Algiere values radicchio for its flavor, but also for the niche it fills as a crop that flourishes during the winter. “It grows best in the colder months, making it one of the great seasonal joys of the crop system,” he says.
“Serving radicchio is about partnering it with the right sidekicks,” Pelzel says. “Like the juicy tanginess of citrus…a sharp and salty hit from shaved parm, or the funk of blue cheese. Radicchio is more about the composition than the singular.” Adimando, meanwhile, views grilling as a gateway to radicchio and other bitter lettuces. “The leaves are delicious with a little char on them, and cooking the vegetable naturally mellows some of its bitterness and softens its bite,” she says. Roasting or broiling radicchio with copious amounts of olive oil, or stirring the softened leaves into risotto à la Marcella, are also time-tested preparations.
Radicchio’s rise happens to synchronize perfectly with a moment when American consumers are slowly coming around to more challenging flavors—flavors with funky, sour, and spicy profiles.

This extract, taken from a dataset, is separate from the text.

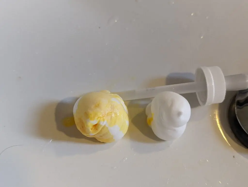 - 正品反應: 會瞬間產生化學反應,液體或者慕斯變成 黃褐色或橘紅色(因為 Minoxidil 分子結構被氧化)。

With the concurrent efforts of a few great farmers and a few enthusiastic chefs, a vegetable like radicchio can quickly transform from a cultural particularity to a mainstream sensation. One need only think about kale chips or cauliflower “rice” to understand the power of culinary groupthink. To that end, a network of farmers and chefs in the Pacific Northwest have taken on the role of radicchio ambassadors. They recently celebrated the second annual Chicory Week—a Seattle-based festival designed to, as their website puts it, “promote the heck out of radicchio.” One festival partner, the Culinary Breeding Network, even brought a stack of handmade zines dedicated to the vegetable.
From a consumer’s perspective, adding new produce to the repertoire is a universally good thing. For the grower, however, such a quick ascent can have drawbacks. “It can take seed companies years to stockpile enough seeds to keep up with demand,” Algiere says. In the case of kale, which American farmers grew 60 percent more of in 2012 than 2007, large-scale growers bought out swaths of the existing kale seed, leaving smaller growers in the lurch. “If it’s just a fad and not sustained, it can be disruptive,” he said.
Whether radicchio’s star will rise dramatically enough to cause a bum rush on seeds, or, say, influence Beyoncé’s sartorial choices, remains to be seen. But either way, American tables are certain to get a lot more bitter in the coming years—and that is actually pretty sweet.